Crocker had the opportunity to see Nehru from close quarter as the Australian High Commissioner to India between 1952 and 1955 and again from 1958 to 1962. Crocker writing about Nehru says, ‘had my job in Delhi been anything else I would still have watched him, out of interest, almost helpless interest. He was interesting because of his political importance but still more interesting because of himself. Mostly I admired him; occasionally he was disappointing; but always he fascinated me’.

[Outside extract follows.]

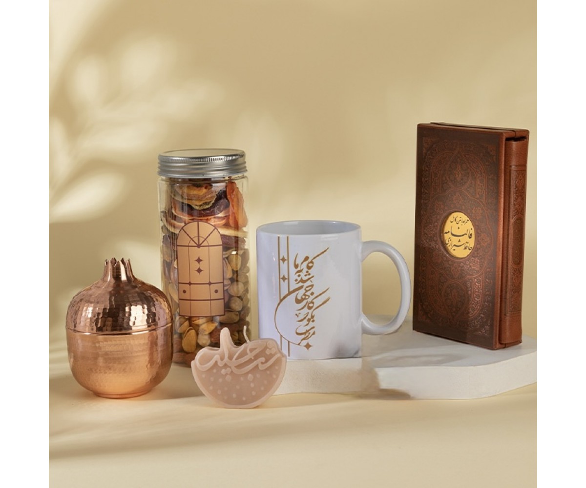 همانطور که از اسمش پیدا است، این محصول خیلی لاکچری و خوشگل است. محتویات درون پک یلدایی آریا مهر نشان از هدیه شب یلدا دارد. در واقع فال حافظی که در باکس وجود دارد یا قندان مسی انار شکل برای هدیه شب یلدا بسیار مناسب است. اگر بخواهیم به طور جزئی تر به محتویات درون باکس توجه کنیم، فال حافظ با جلد چرم کشویی در وسط باکس قرار گرفته و در یک طرف آن شیشه بزرگ پر از آجیل و میوه خشک وجود دارد. در طرف دیگر ماگ سفید رنگ تزیین شده با اشعار و قندان مسی درب اناری دیده می شود. البته درون قندان را با شکلات پر کرده ایم که فرد پس از باز کردن قندان هیجان زده شود. این محصول دو آیتم بامزه هم دارد که یکیش کوکی طرح انار و دیگری شمع طرح یلدا است. ترکیب این محصولات کنار هم موجب منحصر به فرد شدن پک یلدایی می شود.

My main takeaway from the book is that it reinforces with concrete example, the summary of the man ie. ‘A great and a remarkable human being but a failed policy maker and leader in government’. The brute reality is that India gave him 18 years of uninterrupted rule, with more or less unbridled and unchallenged power, but when he died, he had left India with nearly all its problems unsolved; food insecurity, poverty and illiteracy, low level of per capita income, frayed communal relations and communal riots, domestic insurgency and unfriendly neighborhood.

While he has many unabashed followers in whose eyes he could/can do no wrong, but what can you say of a leader under whose 18 years of uninterrupted rule, India could not even break the begging bowl that had become the defining character for the country (and the source of great humiliation too). It was only in his death that made the leadership set its mind to it, and when it did, it took less than a decade for India to become self sufficient in food grains!

For me the lasting problem that he left behind for this country was to convince them that thinking in ‘poem’ was more important than thinking in ‘prose’. Prose demands clear and rational thinking – thinking in first principle terms, not abstractions. Since it demands understanding an issue at the level of basics, it is surely pretty difficult, for even those who are contrast, in lyrical thinking everything goes… Prose asks you to list concrete steps how to maintain communal harmony, in poetry you can talk abstract like humanism, bhai chara and get away with it. Nehru got away with his lyrical speeches and abstract ideas…! His cunning ensured that all who could challenge his humbug abstractions were either sidelined, also no leadership was groomed who could pose a challenge to him…he was clear who would succeed him…

The book has many failings, it has an ethnocentric bias to it, but I guess the assessment of Nehru is pretty correct; a great personality but a mediocre leader (at best).